P.S., I’ve included the full code for the benchmarks I ran below, so have a go and play around with it all yourself!

import timeit

import faker
import matplotlib.pyplot as plt
import pandas as pd
from cycler import cycler
from sqlalchemy import (
    Boolean,
    Column,
    ForeignKey,
    Integer,
    String,
    create_engine,
)
from sqlalchemy.orm import Session, declarative_base, sessionmaker

Base = declarative_base()
plt.rcParams['axes.prop_cycle'] = cycler('color', plt.get_cmap('tab20').colors)

NUM_REPEATS = 100


class User(Base):
    __tablename__ = 'users'

    id = Column(Integer, primary_key=True)
    name = Column(String(50))


class Order(Base):
    __tablename__ = 'orders'

    id = Column(Integer, primary_key=True)
    user_id = Column(Integer, ForeignKey('users.id'))
    description = Column(String(50))
    payment_status = Column(Boolean, index=True)
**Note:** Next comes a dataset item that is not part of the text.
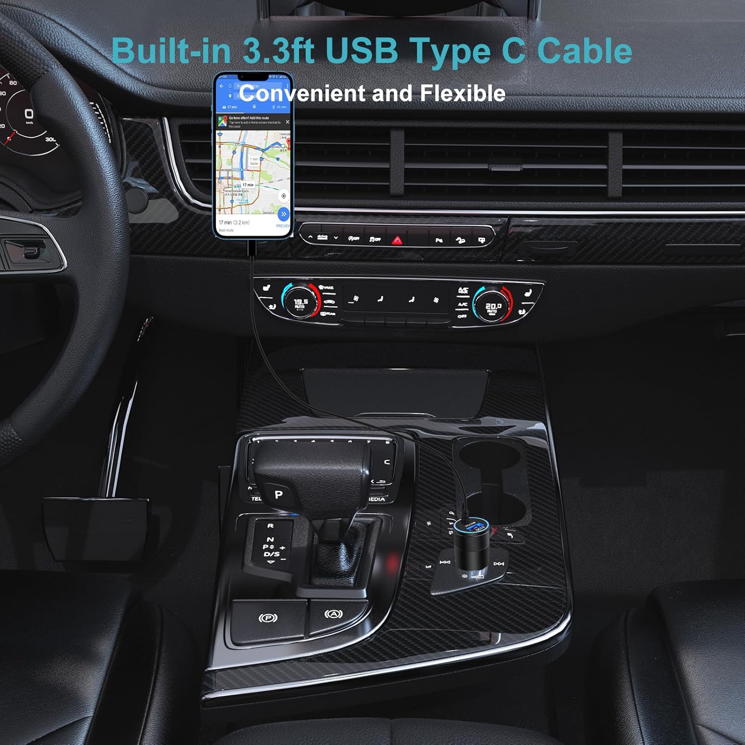 Get rid of other large retractable car charger blocking the car gears and no longer need to worry about loose cable or low battery on the road.

def add_data(session: Session, n_users: int, n_orders: int):
    f = faker.Faker()
    users = [User(name=f.name()) for _ in range(n_users)]
    session.add_all(users)
    session.commit()

    orders = [
        Order(
            user_id=f.random_int(1, n_users),
            description=f.text(50),
            payment_status=f.boolean(),
        )
        for _ in range(n_orders)
    ]
    session.add_all(orders)
    session.commit()


def empty_tables(session: Session):
    session.query(Order).delete()
    session.query(User).delete()
    session.commit()


def setup_db(session: Session):
    Base.metadata.create_all(session.bind)
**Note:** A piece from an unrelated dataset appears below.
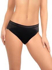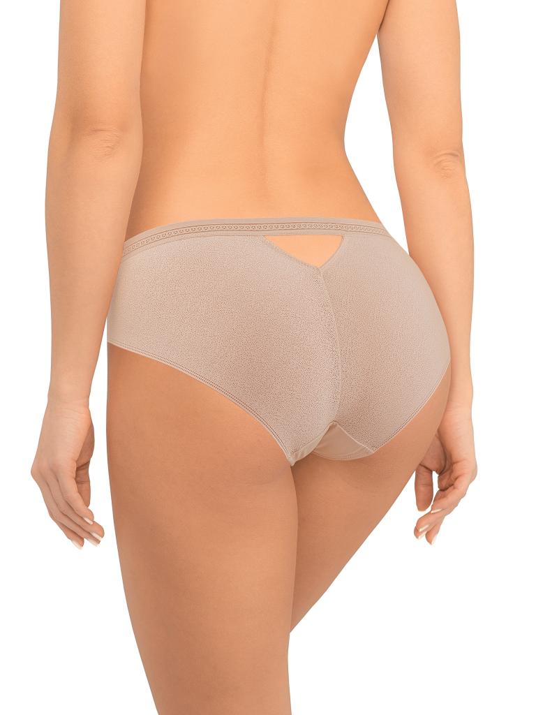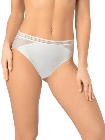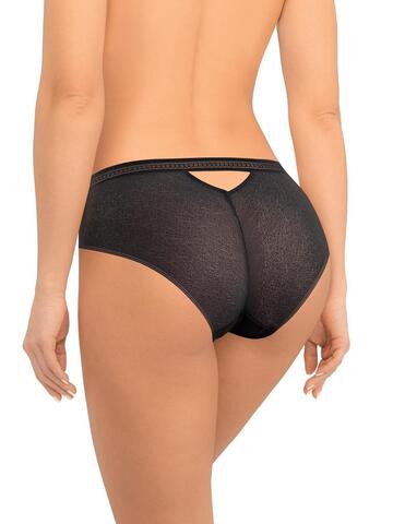 Трусы-слипы со средней линией талии. Передняя деталь выполнена из микрофибры, задняя деталь из кружева с сетчатой структурой. На задней детали пикантное «окошко». Широкая декоративная резинка, использованная для обработки талии, придает изделию ультрамодное звучание. Хлопковая ластовица.

def teardown_db(session: Session):
    Base.metadata.drop_all(session.bind)


def get_sessionmaker() -> sessionmaker:
    engine = create_engine('mysql+pymysql://user:password@localhost/default')
    return sessionmaker(bind=engine)


def get_users_with_failed_orders_python(session: Session) -> set[User]:
    """Get all users with failed orders using a naive Python implementation."""
    failed_orders = (
        session
        .query(Order)
        .prefix_with('SQL_NO_CACHE')
        .filter(Order.payment_status == False)
        .all()
    )

    users = set()

    for order in failed_orders:
        user = (
            session
            .query(User)
            .prefix_with('SQL_NO_CACHE')
            .filter(User.id == order.user_id)
            .one_or_none()
        )
        users.add(user)

    return users


def get_users_with_failed_orders_sql(session: Session) -> set[User]:
    """Get all users with failed orders using a SQL implementation."""
    return set(
        session
        .query(User)
        .prefix_with('SQL_NO_CACHE')
        .distinct()
        .join(Order)
        .filter(Order.payment_status == False)
        .all()
    )


def run_benchmark(
    session: Session,
    n_users: int,
    n_orders: int,
) -> tuple[float, float]:
    try:
        setup_db(session)
        add_data(session, n_users, n_orders)
        exit()
        python = timeit.timeit(
            lambda: get_users_with_failed_orders_python(session),
            number=NUM_REPEATS,
        )
        sql = timeit.timeit(
            lambda: get_users_with_failed_orders_sql(session),
            number=NUM_REPEATS,
        )
        return python / NUM_REPEATS * 1000, sql / NUM_REPEATS * 1000
    finally:
        empty_tables(session)
        teardown_db(session)


def save_plot(
    df: pd.DataFrame,
    x: str,
    y: str,
    group: str,
    title: str,
    filename: str,
):
    plt.set_cmap('tab10')
    fig, ax = plt.subplots()
    df = df.set_index(x)
    df.groupby(group)[y].plot(
        title=title,
        ax=ax,
    )
    ax.set_ylabel('Time (ms)')
    ax.legend(title=group)
    fig.savefig(filename)


def main():
    Session = get_sessionmaker()

    results = []

    with Session() as session:
        teardown_db(session)
        print('Starting benchmark...\n')
        nums = (10, 100, 1000)
        for n_users in nums:
            for n_orders in nums:
                print(f'n_users: {n_users:,}, n_orders: {n_orders:,}')
                python, sql = run_benchmark(session, n_users, n_orders)
                print(f'Python: {python:.2f}ms, SQL: {sql:.2f}ms\n')
                results.append((n_users, n_orders, python, sql))

    df = pd.DataFrame(
        results,
        columns=['n_users', 'n_orders', 'python', 'sql'],
    )

    df.to_csv('results.csv', index=False)

    save_plot(
        df,
        'n_users',
        'python',
        'n_orders',
        'Python query against n_users',
        'python_n_users.png',
    )
    save_plot(
        df,
        'n_orders',
        'python',
        'n_users',
        'Python query against n_orders',
        'python_n_orders.png',
    )
    save_plot(
        df,
        'n_users',
        'sql',
        'n_orders',
        'SQL query against n_users',
        'sql_n_users.png',
    )
    save_plot(
        df,
        'n_orders',
        'sql',
        'n_users',
        'SQL query against n_orders',
        'sql_n_orders.png',
    )


if __name__ == '__main__':
    main()